(WHAT YOU SHOULD DO): Set the data down again, exactly as it reads, but without the pictures.

DATA SECTION below:

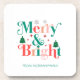 Merry and bright modern font, pine trees, and snowflakes on white background.
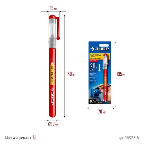 Перманентный маркер ЗУБР Колибри-20 06328-3, предназначен для нанесения разметки. Перманентный, водостойкий практически на всех материалах, пишет практически на любой поверхности: пластик, дерево, металл, бетон, стекло, бумага, картон. Заостренный наконечник маркера позволяет делать тонкие надписи на мелких и узких предметах. Так как перманентный маркер пишет практически на любой поверхности, он применяется в различных сферах, где требуется нанести надпись, рисунок, знак или указатель.
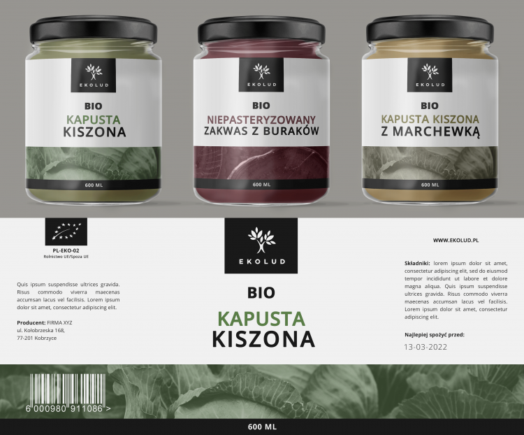 Trzy przykładowe słoiki wraz z przykładową etykietą. Poniżej przesyłam link do podglądu w lepszej jakości: https://i.imgur.com/gLf3Elx.jpg

End of DATA SECTION.

(TASK RESPONSE):
 Merry and bright modern font, pine trees, and snowflakes on white background.
 Перманентный маркер ЗУБР Колибри-20 06328-3, предназначен для нанесения разметки. Перманентный, водостойкий практически на всех материалах, пишет практически на любой поверхности: пластик, дерево, металл, бетон, стекло, бумага, картон. Заостренный наконечник маркера позволяет делать тонкие надписи на мелких и узких предметах. Так как перманентный маркер пишет практически на любой поверхности, он применяется в различных сферах, где требуется нанести надпись, рисунок, знак или указатель.
 Trzy przykładowe słoiki wraz z przykładową etykietą. Poniżej przesyłam link do podglądu w lepszej jakości: https://i.imgur.com/gLf3Elx.jpg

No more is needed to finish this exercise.